What is required:
Transcribe the entries below exactly from their first line through the line containing "如果我們搞不懂諸如此類的「兩", and let no picture into the copy.

Source data
== Segment start ==
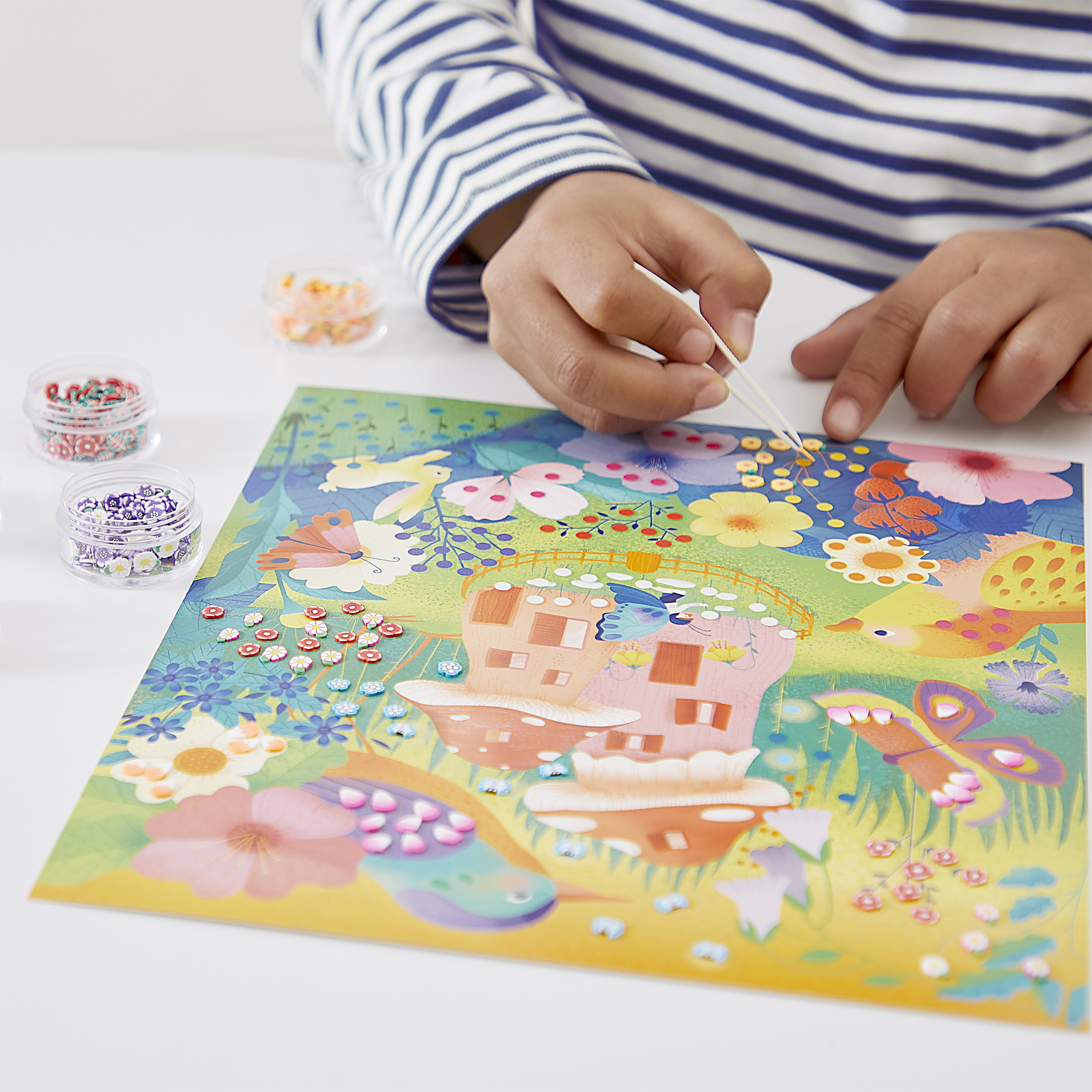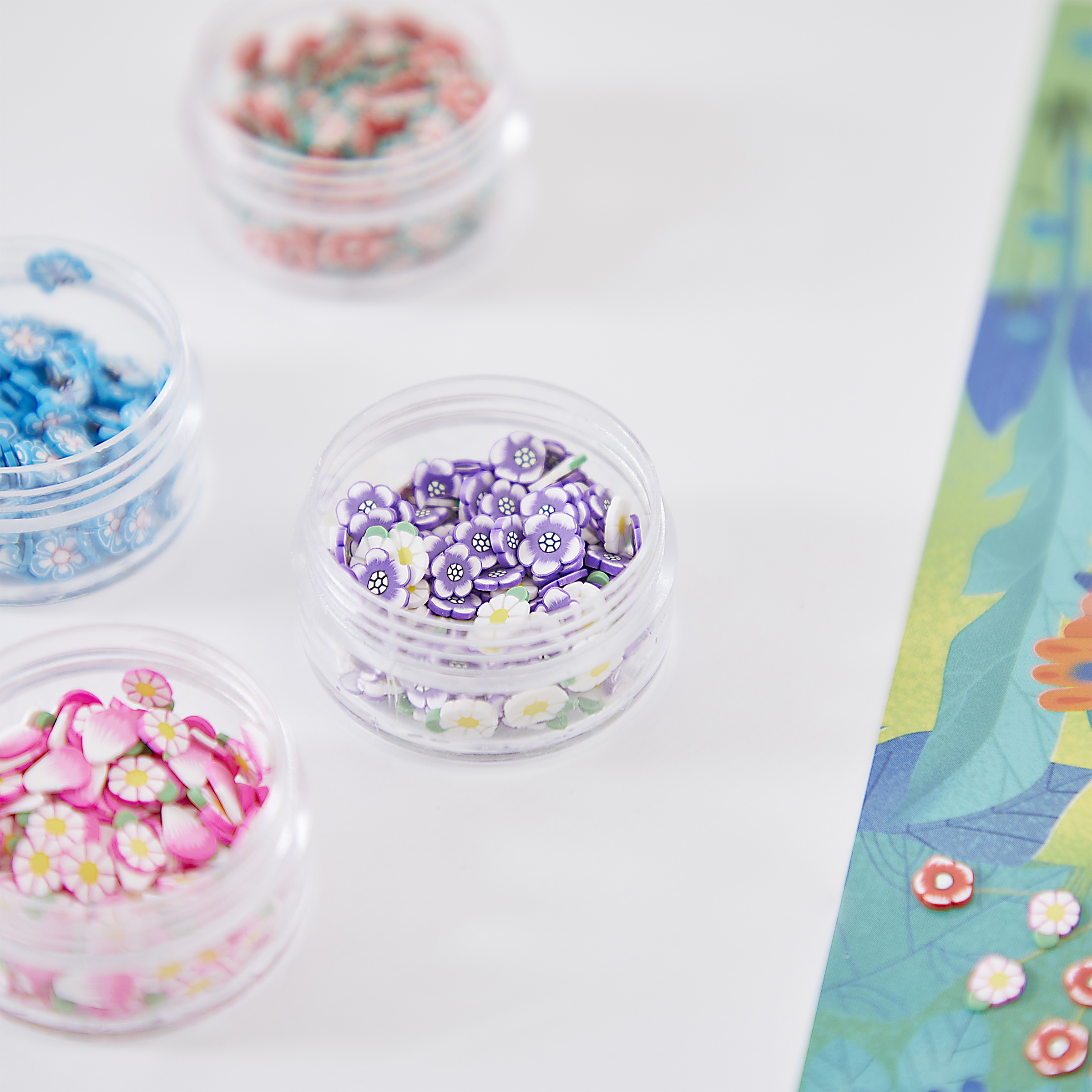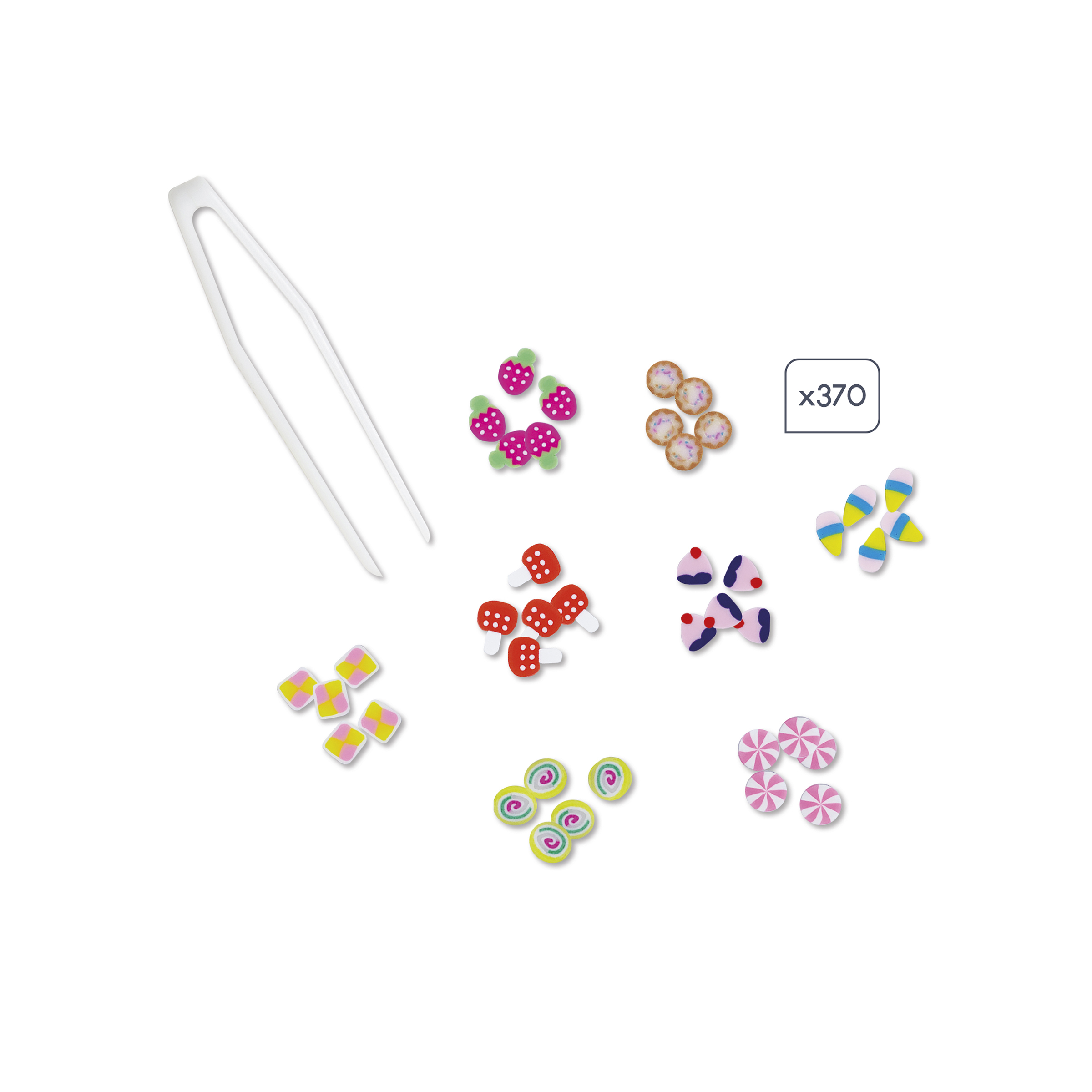 | La boîte contient | 5 tableaux autocollants, 870 mini-canes en pâte polymère rangées dans 5 petites boîtes rondes transparentes, 1 pince, 1 livret avec modèles et instructions |
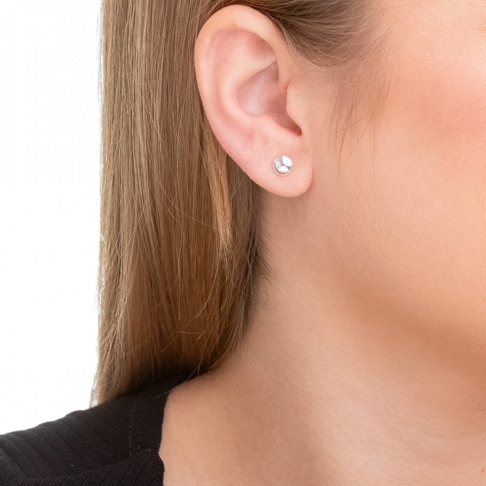 Fabricado em prata clara, este brinco possui um design elegante com sua forma de círculo abaulado, criando um efeito de meia bola.
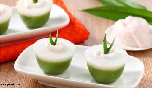 3. Tuang adonan putih ke atas adonan hijau yang sudah dikukus terlebih dahulu, isi hingga permukaannya penuh.
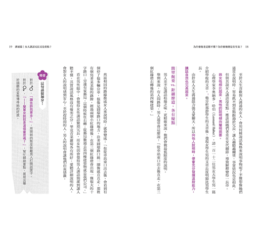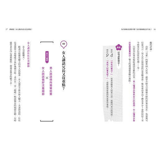 如果我們搞不懂諸如此類的「兩性差異」,便會動輒發生像是「你講話為什麼不把臉轉過來!」、「妳都沒在好好聽我講話」一類的溝通衝突。
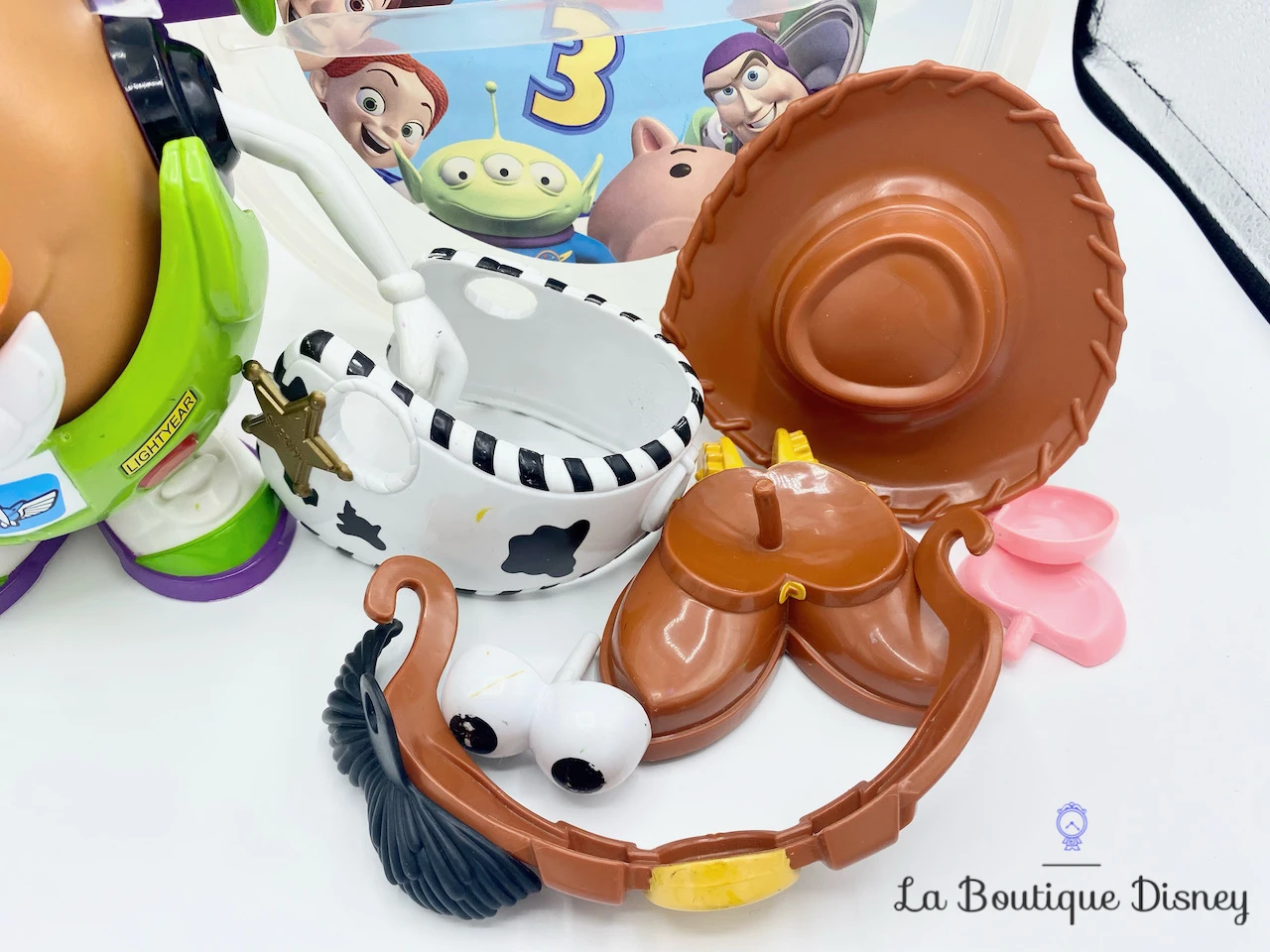 Sceau contenant de nombreux accessoires pour déguiser Mr Patate en Buzz l’éclair ou en Woody : ailes, chapeaux, chaussures, costumes…
== Segment end ==
Your solution:
 | La boîte contient | 5 tableaux autocollants, 870 mini-canes en pâte polymère rangées dans 5 petites boîtes rondes transparentes, 1 pince, 1 livret avec modèles et instructions |
 Fabricado em prata clara, este brinco possui um design elegante com sua forma de círculo abaulado, criando um efeito de meia bola.
 3. Tuang adonan putih ke atas adonan hijau yang sudah dikukus terlebih dahulu, isi hingga permukaannya penuh.
 如果我們搞不懂諸如此類的「兩性差異」,便會動輒發生像是「你講話為什麼不把臉轉過來!」、「妳都沒在好好聽我講話」一類的溝通衝突。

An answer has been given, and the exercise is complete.